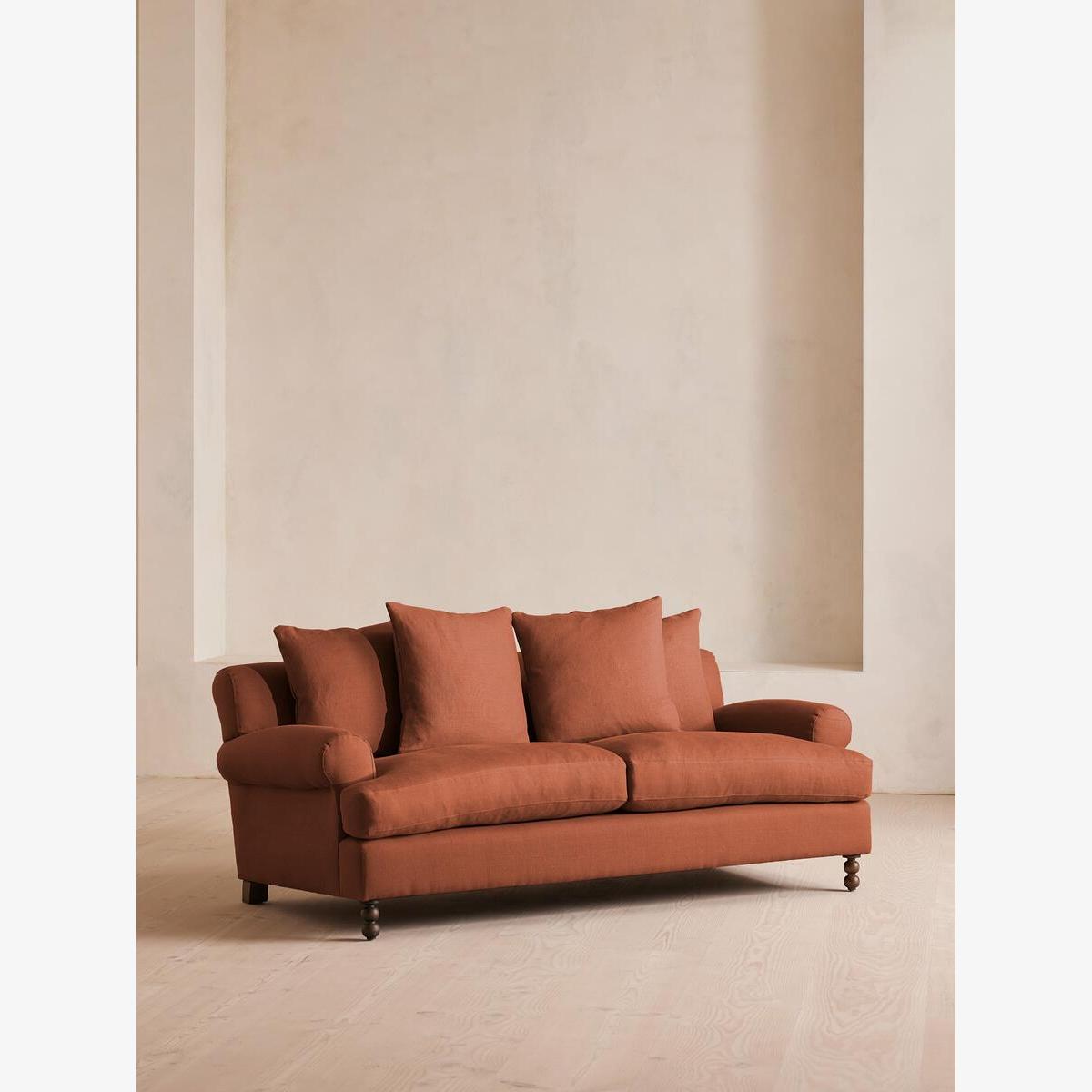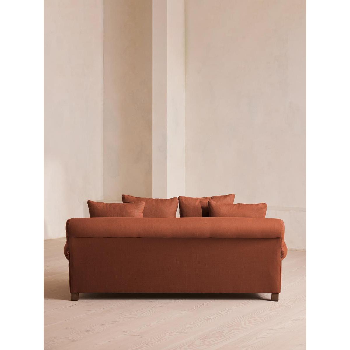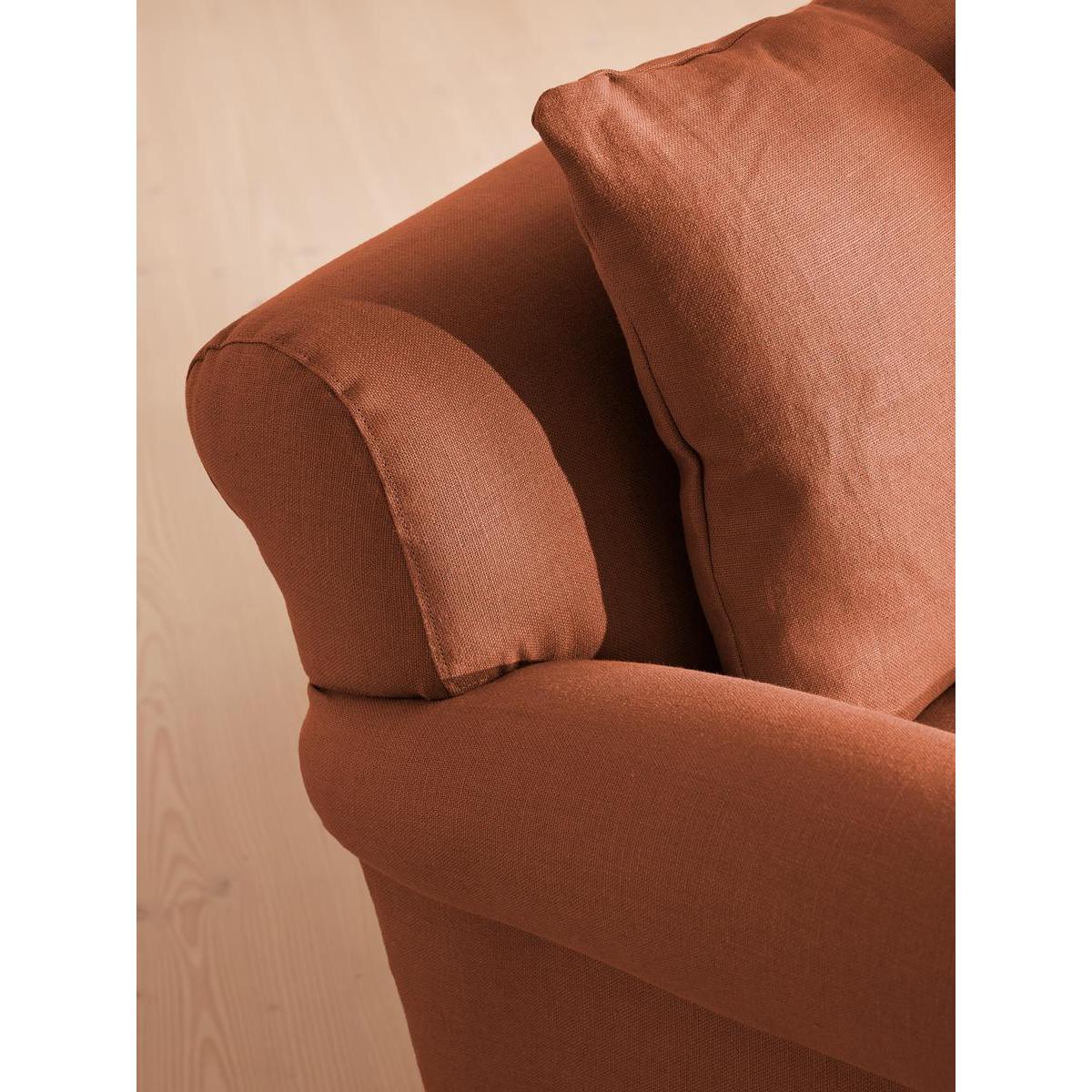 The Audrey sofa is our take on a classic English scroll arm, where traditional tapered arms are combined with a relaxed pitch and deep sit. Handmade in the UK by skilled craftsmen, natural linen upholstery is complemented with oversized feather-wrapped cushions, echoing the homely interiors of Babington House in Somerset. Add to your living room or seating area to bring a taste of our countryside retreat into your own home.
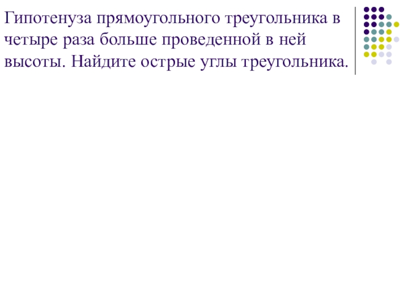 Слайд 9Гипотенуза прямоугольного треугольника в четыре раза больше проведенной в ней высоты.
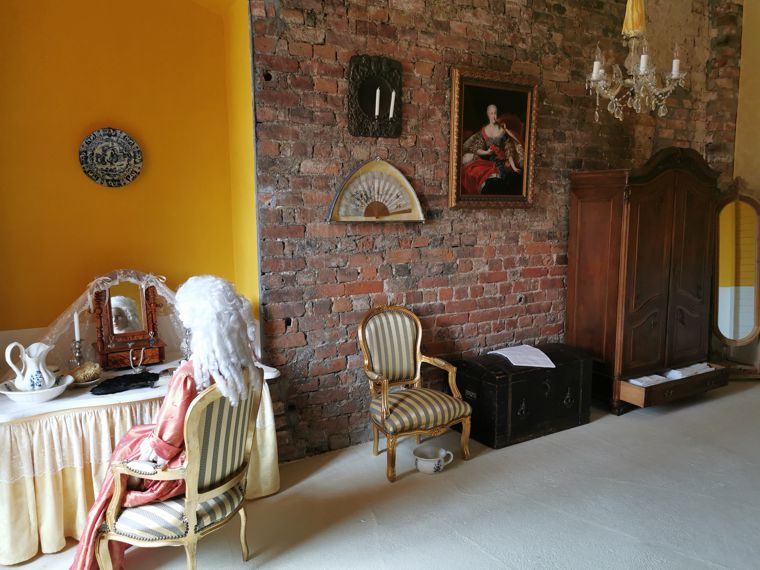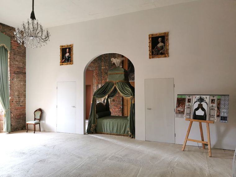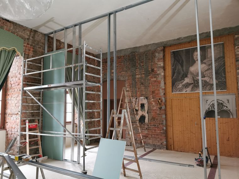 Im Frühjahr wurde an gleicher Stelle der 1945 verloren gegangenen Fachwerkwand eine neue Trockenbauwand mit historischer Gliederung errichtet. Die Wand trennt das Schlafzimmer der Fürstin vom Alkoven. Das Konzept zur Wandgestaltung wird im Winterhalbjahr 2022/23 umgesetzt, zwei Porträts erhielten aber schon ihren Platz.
...
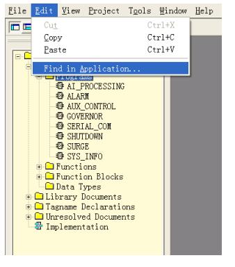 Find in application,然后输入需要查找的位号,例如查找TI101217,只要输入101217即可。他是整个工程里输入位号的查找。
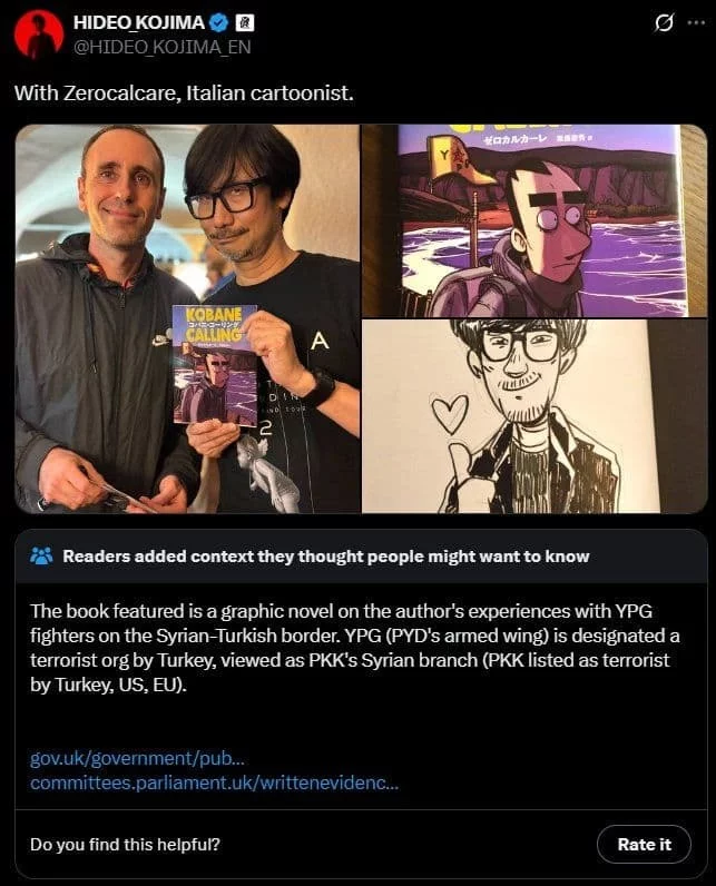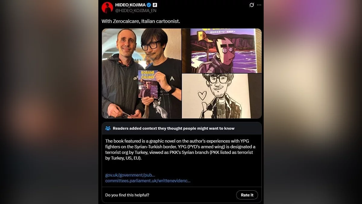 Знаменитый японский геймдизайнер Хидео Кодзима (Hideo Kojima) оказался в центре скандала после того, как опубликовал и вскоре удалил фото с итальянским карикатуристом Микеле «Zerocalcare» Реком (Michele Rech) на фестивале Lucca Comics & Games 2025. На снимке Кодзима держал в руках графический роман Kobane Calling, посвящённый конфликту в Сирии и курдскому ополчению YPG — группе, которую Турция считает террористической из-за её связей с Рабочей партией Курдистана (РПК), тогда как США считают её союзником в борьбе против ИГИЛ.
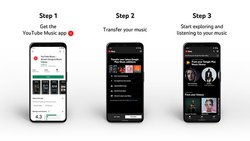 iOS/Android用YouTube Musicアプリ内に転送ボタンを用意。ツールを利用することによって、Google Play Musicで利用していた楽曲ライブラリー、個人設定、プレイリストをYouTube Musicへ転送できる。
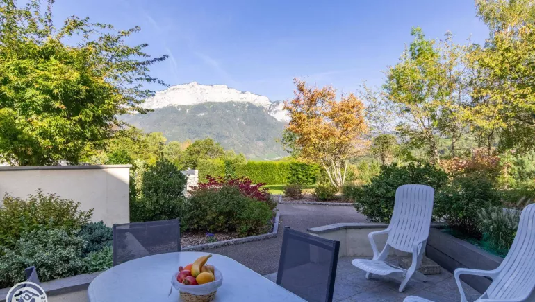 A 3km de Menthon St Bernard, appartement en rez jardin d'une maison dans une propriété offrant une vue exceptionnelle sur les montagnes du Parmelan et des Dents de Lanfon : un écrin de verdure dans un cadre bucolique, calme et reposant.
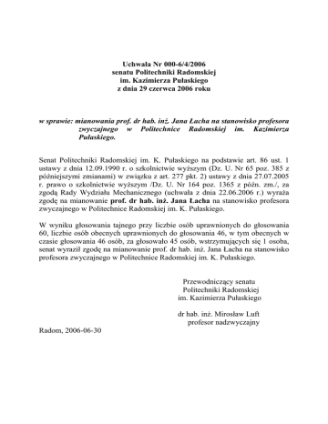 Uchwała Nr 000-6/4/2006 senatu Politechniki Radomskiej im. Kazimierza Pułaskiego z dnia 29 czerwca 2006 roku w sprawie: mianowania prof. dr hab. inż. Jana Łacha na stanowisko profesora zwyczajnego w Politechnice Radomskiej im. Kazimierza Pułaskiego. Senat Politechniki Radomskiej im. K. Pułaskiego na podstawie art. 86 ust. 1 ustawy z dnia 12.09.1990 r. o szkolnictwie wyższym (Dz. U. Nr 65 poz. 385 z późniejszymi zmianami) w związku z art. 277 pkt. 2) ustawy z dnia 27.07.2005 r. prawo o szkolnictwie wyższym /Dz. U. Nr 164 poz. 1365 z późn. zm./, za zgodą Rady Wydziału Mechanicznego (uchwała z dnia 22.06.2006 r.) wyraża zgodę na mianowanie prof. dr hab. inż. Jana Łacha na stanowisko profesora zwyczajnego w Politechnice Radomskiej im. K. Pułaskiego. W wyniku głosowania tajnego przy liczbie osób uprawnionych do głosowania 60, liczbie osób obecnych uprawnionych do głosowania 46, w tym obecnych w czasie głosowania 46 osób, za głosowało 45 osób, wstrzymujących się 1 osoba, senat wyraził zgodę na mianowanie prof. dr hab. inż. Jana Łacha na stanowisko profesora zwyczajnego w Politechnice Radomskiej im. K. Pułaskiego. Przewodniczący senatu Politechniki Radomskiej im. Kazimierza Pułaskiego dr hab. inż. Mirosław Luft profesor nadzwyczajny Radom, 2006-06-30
--
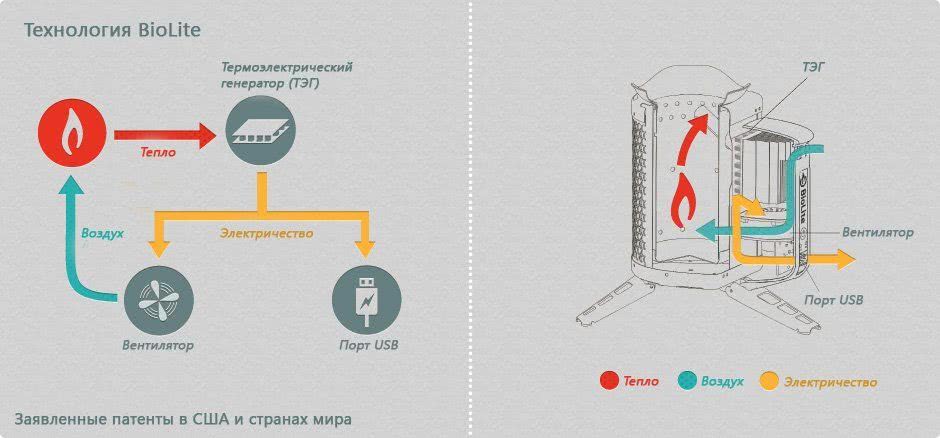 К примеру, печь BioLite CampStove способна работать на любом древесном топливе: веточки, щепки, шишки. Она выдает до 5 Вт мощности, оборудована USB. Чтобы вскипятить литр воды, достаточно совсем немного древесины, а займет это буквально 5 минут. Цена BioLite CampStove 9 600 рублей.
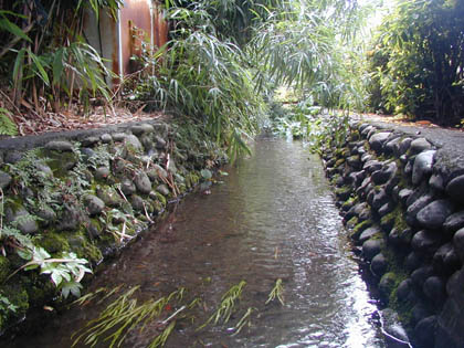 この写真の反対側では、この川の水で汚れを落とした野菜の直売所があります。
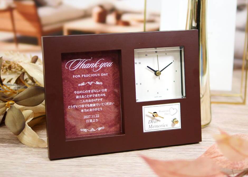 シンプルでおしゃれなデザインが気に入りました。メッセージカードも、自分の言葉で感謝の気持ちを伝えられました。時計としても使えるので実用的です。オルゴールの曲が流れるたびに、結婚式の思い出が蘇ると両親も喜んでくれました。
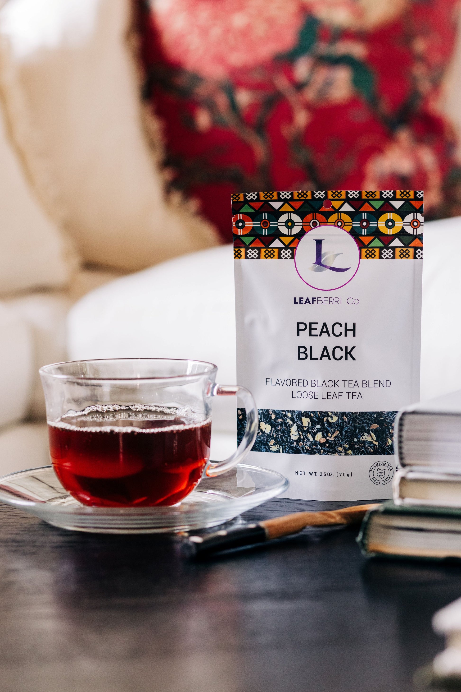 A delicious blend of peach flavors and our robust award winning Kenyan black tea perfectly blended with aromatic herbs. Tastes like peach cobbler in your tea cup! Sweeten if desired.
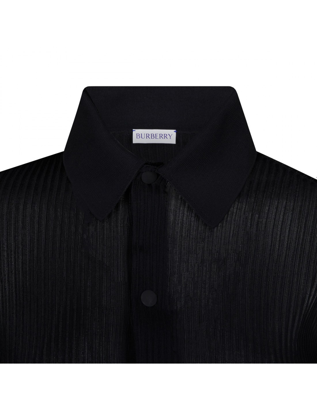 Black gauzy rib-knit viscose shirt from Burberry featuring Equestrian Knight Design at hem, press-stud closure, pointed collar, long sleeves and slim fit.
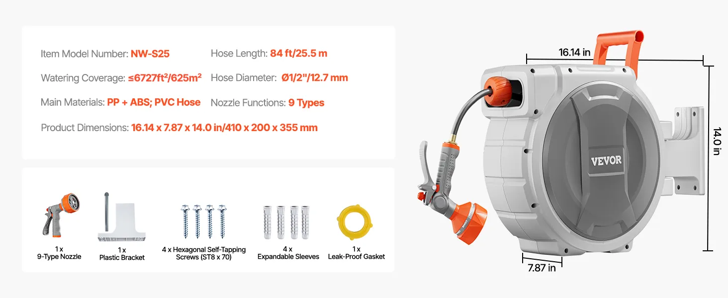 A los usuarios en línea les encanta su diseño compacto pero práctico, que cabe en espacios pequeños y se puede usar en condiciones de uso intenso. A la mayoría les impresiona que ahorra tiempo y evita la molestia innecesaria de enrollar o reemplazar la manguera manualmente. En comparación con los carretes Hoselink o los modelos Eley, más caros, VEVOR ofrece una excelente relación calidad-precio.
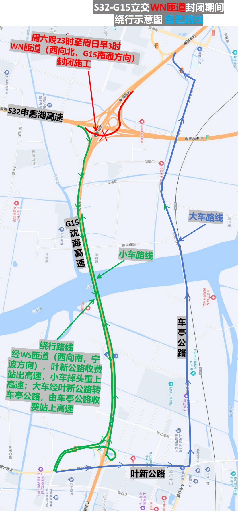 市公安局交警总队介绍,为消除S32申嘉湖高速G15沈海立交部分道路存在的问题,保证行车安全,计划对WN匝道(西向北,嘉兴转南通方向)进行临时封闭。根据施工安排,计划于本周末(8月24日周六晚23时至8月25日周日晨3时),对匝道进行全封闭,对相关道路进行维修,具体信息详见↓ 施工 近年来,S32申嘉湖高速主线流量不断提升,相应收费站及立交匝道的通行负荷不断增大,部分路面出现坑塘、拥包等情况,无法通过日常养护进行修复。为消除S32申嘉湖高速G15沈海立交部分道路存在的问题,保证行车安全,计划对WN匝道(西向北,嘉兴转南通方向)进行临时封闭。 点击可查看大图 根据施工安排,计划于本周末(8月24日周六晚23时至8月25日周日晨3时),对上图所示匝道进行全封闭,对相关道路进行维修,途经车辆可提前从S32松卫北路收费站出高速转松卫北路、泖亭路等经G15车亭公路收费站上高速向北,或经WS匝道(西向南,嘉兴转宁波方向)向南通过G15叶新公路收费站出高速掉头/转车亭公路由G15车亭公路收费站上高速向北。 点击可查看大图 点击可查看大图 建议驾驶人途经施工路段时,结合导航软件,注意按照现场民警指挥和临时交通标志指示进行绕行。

## [EXERCISE INSTRUCTIONS]
Above are some entries; copy exactly the lines from the line with "Слайд 9Гипотенуза прямоугольного" through the line with "Im Frühjahr wurde", both included, but none of the pictures.

## [RESULT OF THE EXERCISE]
 Слайд 9Гипотенуза прямоугольного треугольника в четыре раза больше проведенной в ней высоты.
 Im Frühjahr wurde an gleicher Stelle der 1945 verloren gegangenen Fachwerkwand eine neue Trockenbauwand mit historischer Gliederung errichtet. Die Wand trennt das Schlafzimmer der Fürstin vom Alkoven. Das Konzept zur Wandgestaltung wird im Winterhalbjahr 2022/23 umgesetzt, zwei Porträts erhielten aber schon ihren Platz.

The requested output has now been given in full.